[2602.13061] Diverging Flows: Detecting Extrapolations in Conditional Generation

[2602.13061] Diverging Flows: Detecting Extrapolations in Conditional Generation

arXiv - Machine Learning 3 min read Article

Summary

The paper introduces Diverging Flows, a method for detecting extrapolations in conditional generation models, enhancing safety in applications like robotics and climate forecasting.

Why It Matters

As AI systems are increasingly deployed in safety-critical domains, ensuring their reliability is paramount. Diverging Flows addresses the risk of silent failures in flow models, making it a significant advancement for trustworthy AI applications in fields such as medicine and robotics.

Key Takeaways

  • Diverging Flows enables simultaneous conditional generation and extrapolation detection.
  • The method enhances safety by addressing the critical extrapolation hazard in flow models.
  • Evaluation shows effective extrapolation detection without compromising predictive performance.

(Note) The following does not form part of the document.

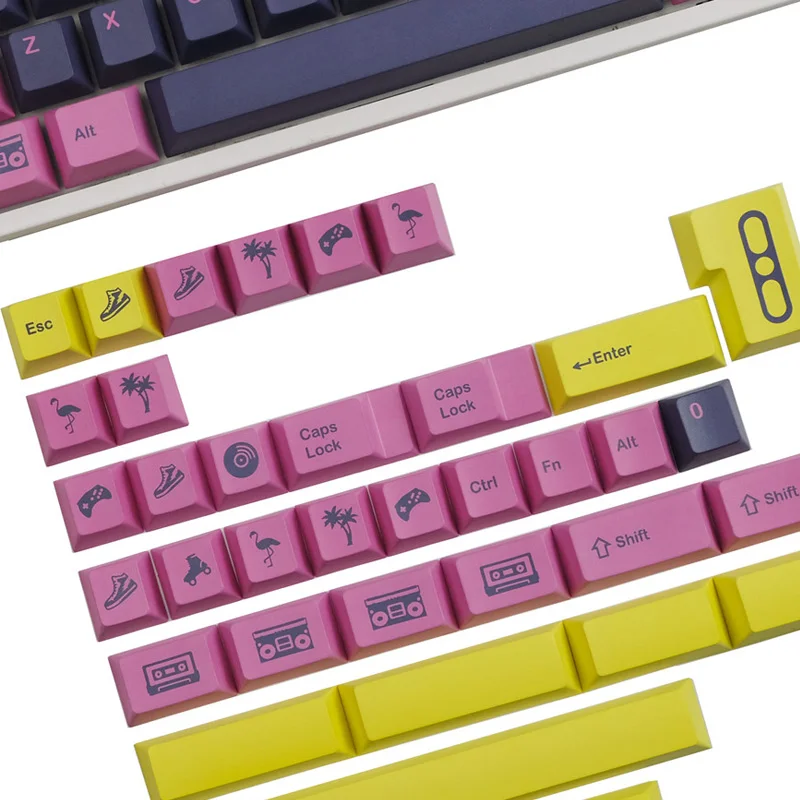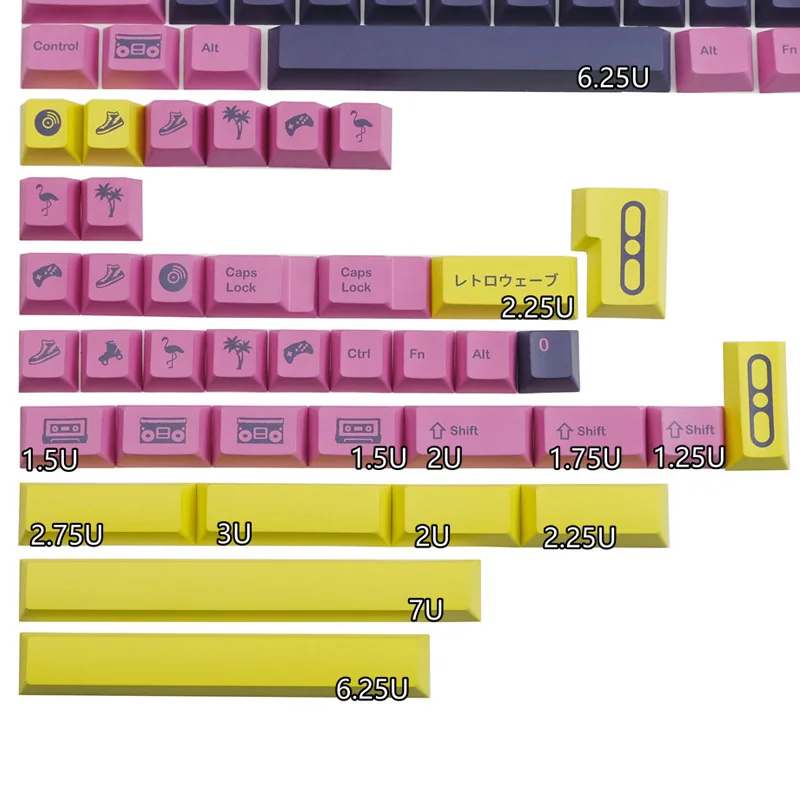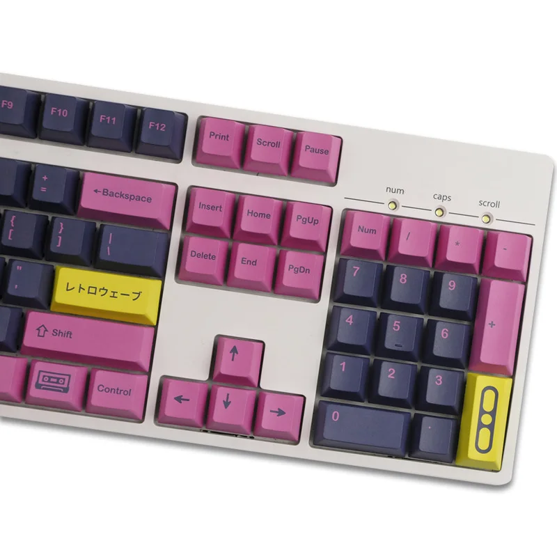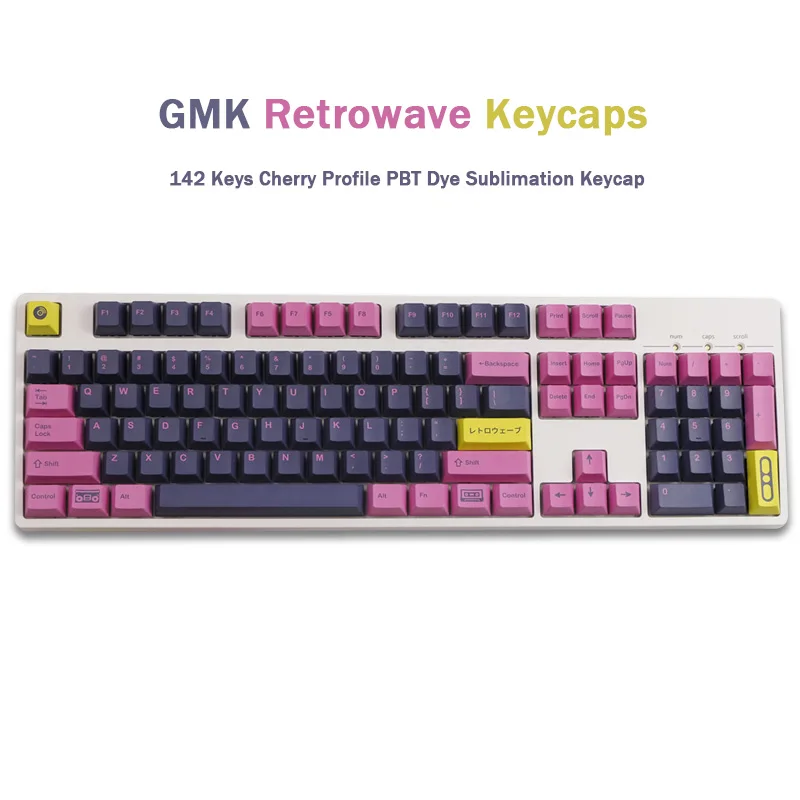 Comprar GMK-teclas Retrowave para teclado mecánico, accesorio con 142 teclas, perfil de cereza, tinte PBT, sublimación, para interruptor MX, con cambio de 1,75u 2U

Computer Science > Machine Learning arXiv:2602.13061 (cs) [Submitted on 13 Feb 2026] Title:Diverging Flows: Detecting Extrapolations in Conditional Generation Authors:Constantinos Tsakonas, Serena Ivaldi, Jean-Baptiste Mouret View a PDF of the paper titled Diverging Flows: Detecting Extrapolations in Conditional Generation, by Constantinos Tsakonas and 2 other authors View PDF Abstract:The ability of Flow Matching (FM) to model complex conditional distributions has established it as the state-of-the-art for prediction tasks (e.g., robotics, weather forecasting). However, deployment in safety-critical settings is hindered by a critical extrapolation hazard: driven by smoothness biases, flow models yield plausible outputs even for off-manifold conditions, resulting in silent failures indistinguishable from valid predictions. In this work, we introduce Diverging Flows, a novel approach that enables a single model to simultaneously perform conditional generation and native extrapolation detection by structurally enforcing inefficient transport for off-manifold inputs. We evaluate our method on synthetic manifolds, cross-domain style transfer, and weather temperature forecasting, demonstrating that it achieves effective detection of extrapolations without compromising predictive fidelity or inference latency. These results establish Diverging Flows as a robust solution for trustworthy flow models, paving the way for reliable deployment in domains such as medicine, robotics, and...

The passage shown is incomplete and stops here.